Confessions of a Hybridizer: The Big Edit

 In my last post, I talked about daylilies.  More specifically, I talked about hybridizing daylilies.  

The act of hybridizing is super easy.  What follows in the coming years sometimes isn't.

One of the best pieces of advice I got from a local hybridizer was to be brutal.  Don't save every seedling; few will be truly worth keeping.  Are you KIDDING ME?!  After all the waiting--about three years--to even get to see what you've got... and now I should maybe throw it away?!  

Absolutely.

Much like a good writer, one of the greatest lessons any gardener can learn is to edit.  As Elizabeth Lawrence once said, seeking out good plant material is as important as getting rid of the bad (super duper paraphrasing; sorry, Libba).  When a friend of hers was lamenting a poorly performing plant in their garden, Libba asked, "Are you cruel enough to be a gardener?"  

I think about that quote so, so often.  When my seedlings bloom each year, I evaluate them more and more harshly.  If something isn't up to scratch, and it hasn't been for at least three cycles, it's got to go.  One of the most common problems I have encountered is flowers not being sun-fast. 

SO gorgeous at the beginning of the day.
By the end of the day, not so much.

 Have I shovel-pruned it?  Nope.  Should I?  Maybe.  Or maybe I should transplant it to a place that only gets morning sun.  

Then there are those that produce amazing flowers, but they're so close to the ground, the slugs and snails enjoy them more than I do.  This one has really nice flowers, but its stems are consistently too short.  It's much nicer to have flowers at least a few inches above the top of the foliage, if not fully clear of it.

This beauty's flowers are about 8" across, slightly fragrant, and completely sun-fast.

This is from a 2008 cross.  It's bloomed every year since 2011.  I think 13 years is WAY long enough to get an idea of what it will (or won't) do.
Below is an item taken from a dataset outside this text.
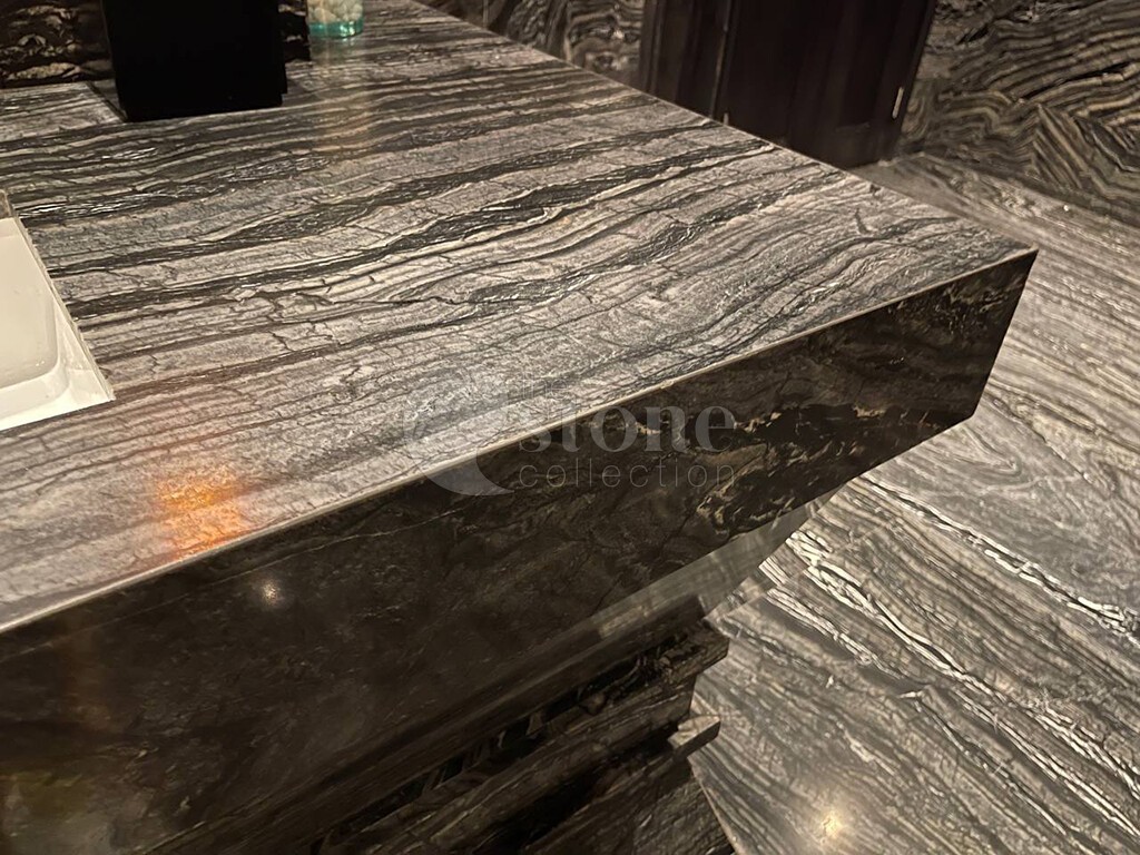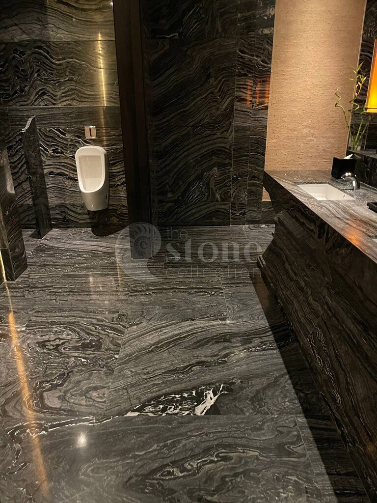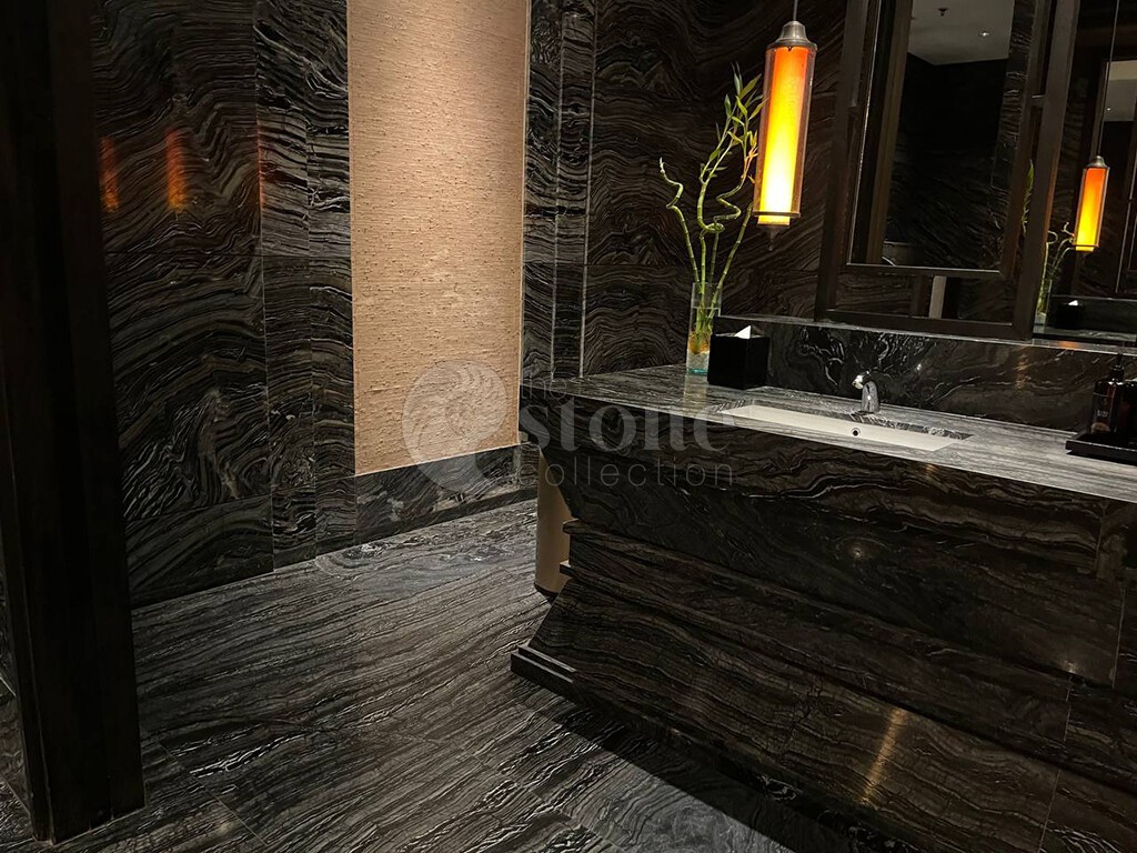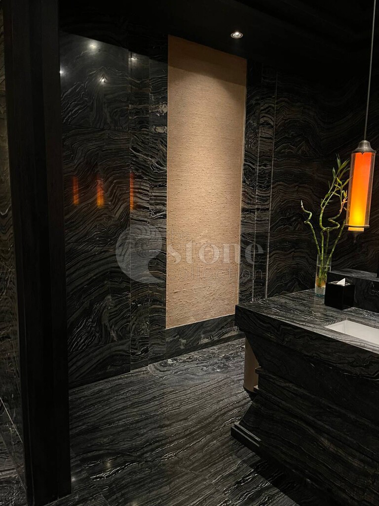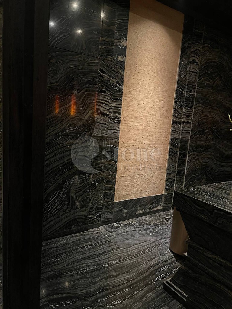 Мрамор Silver Wave — это эффектный тёмный мрамор с выразительным волнообразным рисунком, напоминающим потоки лавы, морские волны или дым. Он известен своей драматичной эстетикой и активно используется в дизайнерских интерьерах премиум-класса.

Consistently too short.  It's got to go.

It is tough to root out something that you raised from seed.  It's harder to root it out when you made the cross yourself, harvested and sowed the seed, and grew it on for several years before you decided it was nice enough to keep... only to come to realize it really isn't worth keeping after all.  That's when you just have to be cruel enough to be a gardener (hybridizer), and embrace The Big Edit.